I wonder if there is functionality that could be provided in a common
helper, by the mm layers, or if there would be too many locking
interactions to make it sane,
It seems too fraught with danger for drivers or subsystems to be just
doing this in the simplest way that isn't actually that smart.
Hmm. I see even the "Don't error on prefaults" check was broken at some
point :/.
There have been numerous ways to try to address this,
The remap_pfn_range was last tried, at least in the context of the i915
driver IIRC by Christoph Hellwig but had to be ripped out since it
requires the mmap_lock in write mode. Here we have it only in read
mode.
Then there's the apply_to_page_range() used by the igfx functionality
of the i915 driver. I don't think we should go that route without
turning it into something like vm_insert_pfns() with proper checking.
This approach populates all entries of a buffer object.
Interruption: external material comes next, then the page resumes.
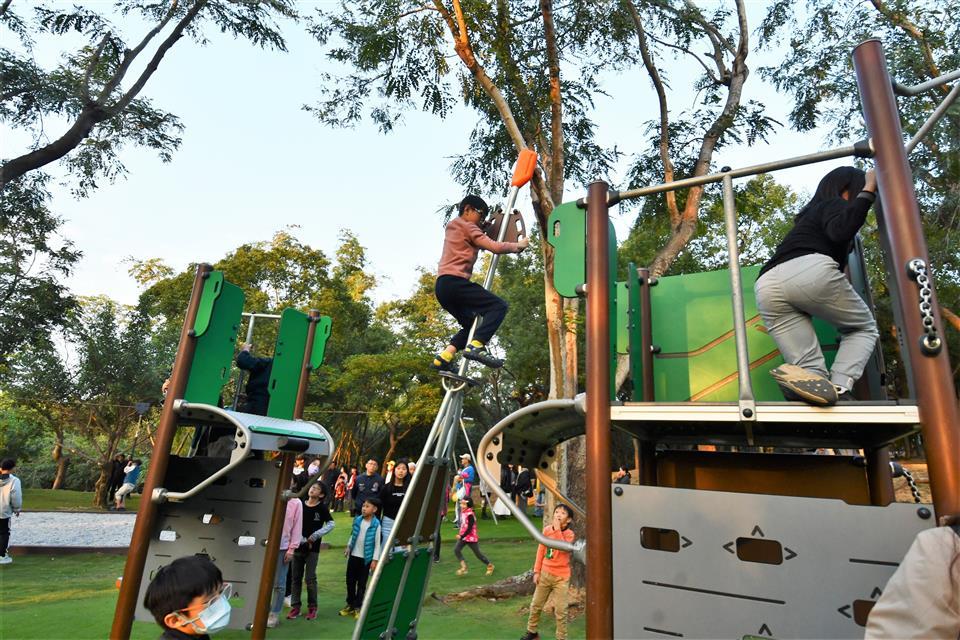 華陽公園(華陽公園兒童遊戲場環境設施改善)(114.01) 瀏覽人數: 222人 在彰化市多了一個新的森林公園,位於保四總隊對面的嶄新華陽公園,佔地約5公頃是彰化市最大的公園,從體育場走過華陽吊橋也可以到華陽公園,是民眾平常運動及休閒的好去處,彰化縣政府爭取內政部「兒童遊戲場環境設施改善計畫」辦理「華陽公園兒童遊戲場環境設施改善」,總工程經費550萬元,中央補助350萬元,自籌款200萬元,正式開放使用。 縣府持續針對各鄉鎮市盤點,陸續改善興建公園,希望孩子不只待在家裡玩手機,也可以出來曬曬太陽、流流汗,玩遊具,親子關係更加親密。這次華陽公園,採延續在地的自然原始的空間氛圍,以森林意象做為發想,創造出孩童們的森林探險遊戲場,增設森林溜索、森林攀爬網、泰山空中擺盪組及彈跳床,也要特別提醒縣民因遊具挑戰度較高,建議以年齡13歲以上孩童可以來挑戰,13歲以下的小朋友,家長陪同時,特別要注意自身安全。 縣府在112-113年向內政部爭取「兒童遊戲場環境設施改善計畫」經費,獲內政部核定2億2千萬元,中央補助款約1億7千8百萬,縣府配合款約4千6百萬,總計爭取改善56處公園兒童遊戲場,歡迎民眾利用春節期間好天氣,到鄰近公園走走。 華陽公園自109年重新整修開放迄今,部分遊具已老舊損壞,為提供孩童安全的遊戲場域及豐富活動類型,提升遊憩體驗多元性,辦理這次遊戲場改善計畫。

Finally there's the huge fault attempt that had to be ripped out due to
lack of pmd_special and pud_special flags and resulting clashes with
gup_fast.
Perhaps a combination of the two latter if properly implemented would
be the best choice.
I'm not deep enough into the memory management background to judge which
approach is the best, just one more data point to provide:
The pre-faulting was increased because of virtualization. When KVM/XEN
is mapping a BO into a guest the switching overhead for each fault is so
high that mapping a lot of PFNs at the same time becomes beneficial.
Regards,
Christian.
/Thomas
Dave.